As this Motor Trend article states, Tesla (NASDAQ:TSLA) ended Q2 with a 12% sales decline (4181 units sold in Q2 versus 4750 in Q1). As some have predicted the initial sales demand from the very wealthy and car enthusiasts may be wearing off. Also with the recent uptick in the sales of the Chevy (NYSE:GM) Volt and Nissan (OTCPK:NSANY) Leaf (Volt, through June, has 9855 units sold and the Leaf 9839 units), which are both outselling Tesla, Tesla is having more pressure from the competition. With the recent price reductions of the Volt according to this article, a buyer can potentially get the Volt in California for under 30 thousand dollars. So time will tell how low the sales of the Model S will go and if those sales will continue to have a high margin through the internet sales model.
So what does this all mean for the valuation of Tesla? It means that the bears might be coming back, since according to Nasdaq, Tesla's short interest grew by almost 7% in June. It also means that Tesla has not been disclosing sales for a reason, they most likely knew the initial rush would end soon and that is a big reason they are pushing hard to get the "Gen III" out, that should be under 50 thousand dollars. They probably have a backlog that can keep outputting 20k units for another several quarters, but after that the Motor Trend article predicts a yearly output of 18k units of the Model S. If we take that into account at the current gross margin projections of 20% and about a 4% profit margin projection, that is an EPS of roughly 0.53 cents and if the market still decides to give it a "growth P/E" of 100, that is roughly a value of $53 per share currently.

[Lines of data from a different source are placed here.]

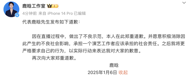 据界面,1月6日,鹿晗工作室微博发文代表鹿晗发布道歉。具体如下:
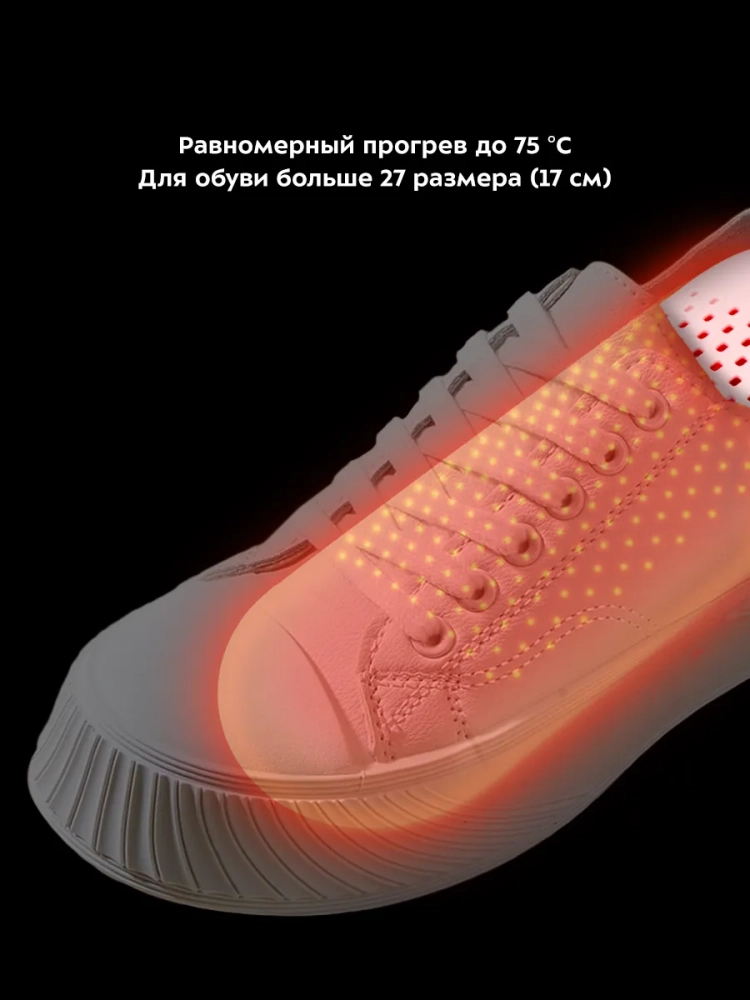 Сушилка хорошо располагается практически в любой обуви больше 27 размера (17 см). Лаконичный и обтекаемый корпус поместится в обуви сложной модели.
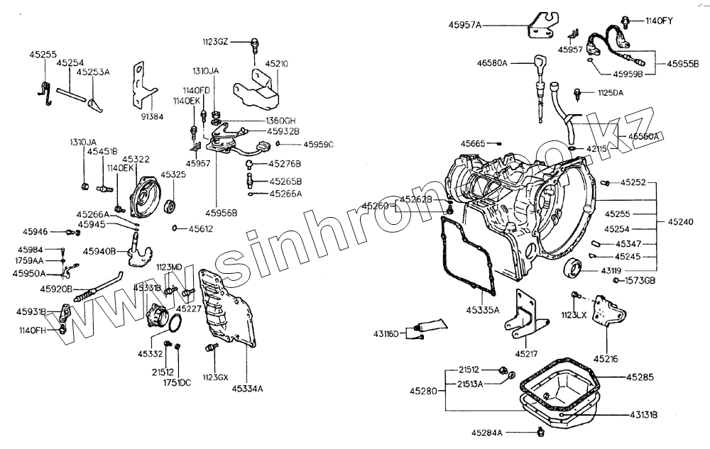 Каталог запасных частей к технике: Hyundai Accent. TRANSAXLE CASE (ATA)
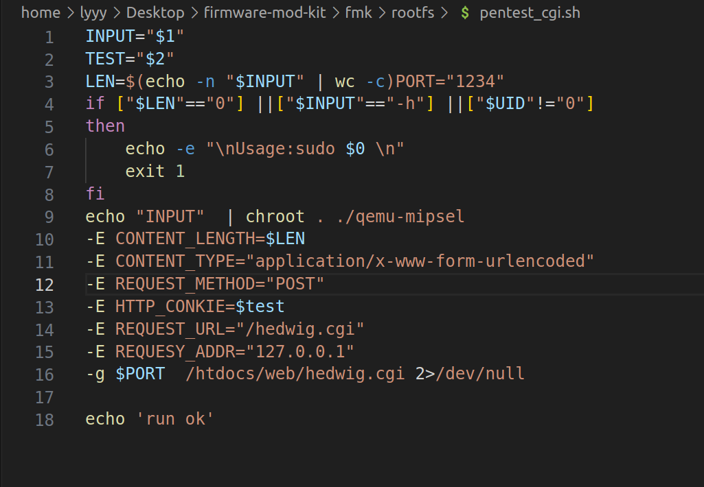 sudo chroot . ./qemu-mipsel-static -E CONTENT_TYPE="application/x-www-form-urlencoded" -E HTTP_CONKIE=$test -E CONTENT_LENGTH =$len -E REQUEST_URL="/hedwig.cgi" -E REQUEST_METHOD="POST" -E REQUESY_ADDR="127.0.0.1" -g $debug_port /htdocs/web/hedwig.cgi
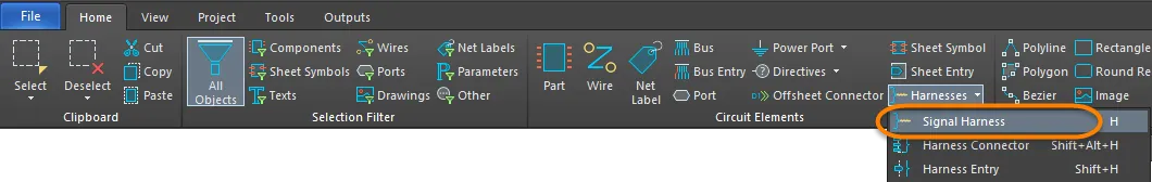 CircuitMakerで回路図シート上のハーネスオブジェクトを扱う
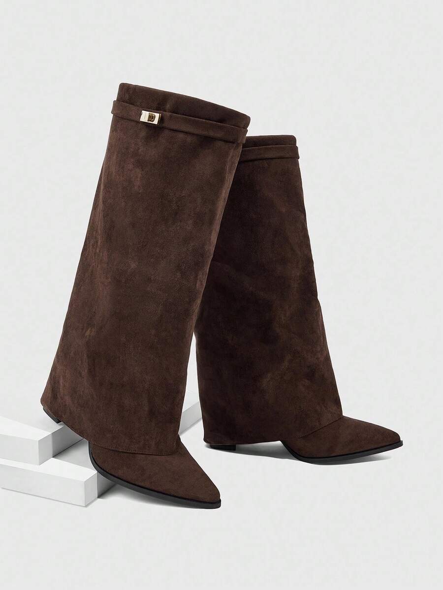 CUCCOO SZL Women's Pointed Toe Chunky Heel Suede Western Boots With Fringe, Slim Fit Tall Boots
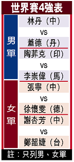 王晨雖痛失獎牌,不過,明年開始,原定兩年一次的世界賽將改為每年舉行,三十歲的王晨仍有機會為香港爭光。而今屆世界賽餘下的男、女單四強,有三名中國球手,包括男單世界第一的林丹、女單世界第一及第二的張寧、謝杏芳(見附表)。

But since this is considered to be a cult and growth stock that people love, they will most likely start to price in future "possible" sales of the Model X and Gen III, which we can also dissect. Taking into account that Chevy and Nissan are selling roughly 20k units each of their pure electric cars and mix in other electric cars, there might currently be a 50-75k unit market in the world for this pure electric car in the 30-50 thousand USD price range. So now we will assume (favorably) around 18k units of the Tesla S (which in all reality will probably decline much further over the years) and a range for the Model X and Gen III over the next 4 years. We arrive at the following price valuation:
*first rows are projected units sold and price average per car sold in parenthesis
There are several very bullish assumptions in this valuation:
1. Tesla reaches and continues to maintain an industry leading 4% Net Margin
2. The Model S does not continue to have sales decline of 12% every quarter
3. The United States does not ban the internet auto sales model introduced by Tesla, which would dig deeply into the Net Margins
4. The GEN III comes out in 2015, with a price tag of 40-50k and is able to compete with the Volt and Leaf, which are already in the 30-40k USD range
5. The GEN III has immense success and can get up to a an extraordinary 35k units shipped a year by 2017
6. Tesla is able to not print more than 10 Million additional shares a year to fight legal battles, increase R&D to put out the GEN III and other models and advertising spend
7. Not looking at any of the future potential competition, such as: new luxury hybrids, new less expensive pure electric cars, new alternative technology like hydrogen and natural gas, prices of lithium batteries, foreign copy cats... the list goes on
Taking these favorable assumptions into account, the projected EPS are shown above. The reason why I have lowered the P/E ratio from a range of 10-30 versus the current nonexistent P/E for Tesla (because they currently have a negative EPS), because Ford (NYSE:F) has an EPS of 1.48 and a P/E of 11. This is a reasonable and fair valuation when the revenue growth decreases to 10% at the end of 2017 in the proposed model. With such a growth, Tesla will no longer be a startup and "growth stock" and will be considered to be an established automotive company that will be tagged with a realistic P/E.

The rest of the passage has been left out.